On Fri, 2010-01-08 at 17:14 +0300, Andrey Semashev wrote:
> I'm proud to announce that I've released the fourth candidate of
> Boost.Log for the review.

Thanks for persisting with this. It would be great to have a truly
general purpose logging lib in boost.

> * The syslog sink backend is now supported on Windows, too. The sink no
> longer requires native support for POSIX API for syslog, but is able to
> send syslog packets to a remote server over UDP.


> * Added support for scoped logging. There is now a distinct log record
> entity, which is returned by the core as a result of filtring.


Now I have a few performance and usage issues/questions:

I haven't done more than read the docs (oh - I also checked the
performance thread on sourceforge),but if I understand correctly the
current architecture *always* evaluates all attributes so that
filtering can be applied (based on the attribute values).

In general attribute evaluation may be expensive. Presumably, in an
environment where the performance of *not logging* is important one
should be careful to use only low cost attributes. This rather reduces
the utilitity of attributes and late formatting - forcing all
(expensive) data collection to be by including the collected data in
the log message via streaming.

I wonder if some form of non-filterable, late evaluated attribute
facility should be included as well? Potentially, such a facility could
be implemented by returning at attribute value that is merely a proxy
that the formatter evaluates?

It appears from the example of adding an uptime attribute that the
attribute value is heap allocated and a shared ptr returned.
Presumably, to avoid issues with allocator performance in general and
heap contention in particular, a custom allocator should be used for
"lightweight" attributes?

Regardless the performance of all attributes provided by the library
should be documented (and/or available to the user by running some sort
of included benchmark test).

Even with the use of constant attributes, is seems filtering
performance is inherently not as good as a system which takes advantage
of the constant nature of filtering attributes by performing early
evaluation of filters and caching the result where possible.
Specifically, in the case where the logger "identity" comprised of a
set of constant attributes associated with the log, is established at
logger construction, it should be possible to determine whether the
filter (assuming the filter itself does not change) will always match
or never match at that time. Caching this result means that the
evaluation of the filter is simply the evaluation of a bool.
Potentially, this could be implemented within the proposed logging
design by making an "identity" attribute that caches internally in this
way and using it as the only attribute for loggers and filters that
require high performance when the logger is disabled.
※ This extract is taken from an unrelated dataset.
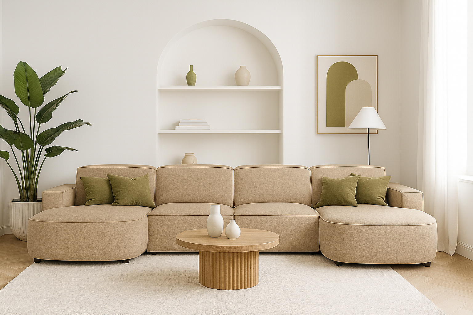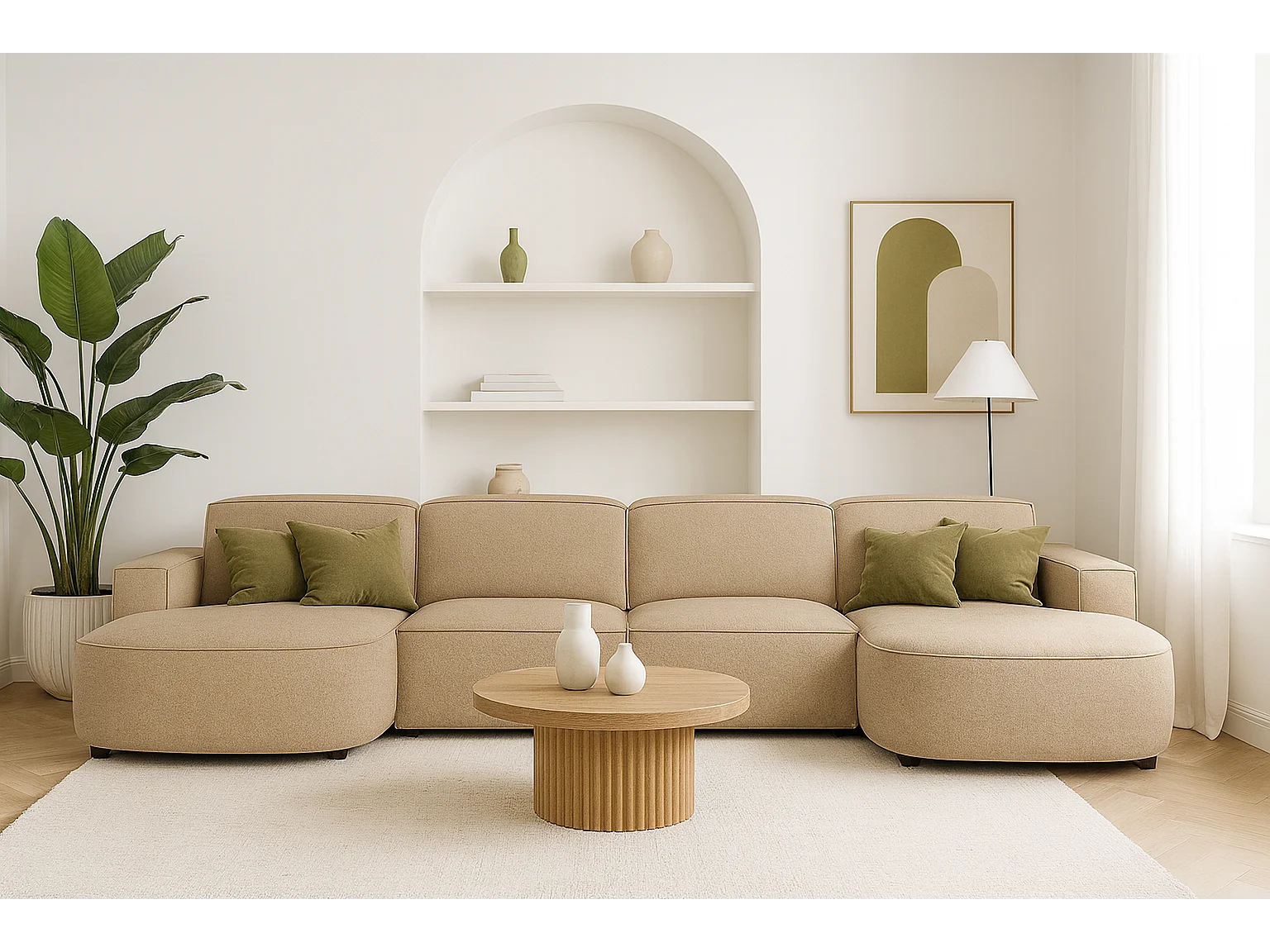 Canapé d’angle modulaire Cursal E – 364 x 166 cm, marron clair Raven 34 , design moderne

Is this a reasonable approach to take? The main problem I see is that
in general filters are not constant and this would need some sort of
filter/attribute interaction to force reevaluation when the filter is
"newer" than the cached bool result.

The above is not contrived - the torjo logging lib provided such a
feature as the only filtering mechanism aside from a fixed
level/severity scheme. This was considered too restrictive/failed to
support some use cases. However, the exact use case it did/does support
is critical for me, so I need some way to implement it if I am to use
your library.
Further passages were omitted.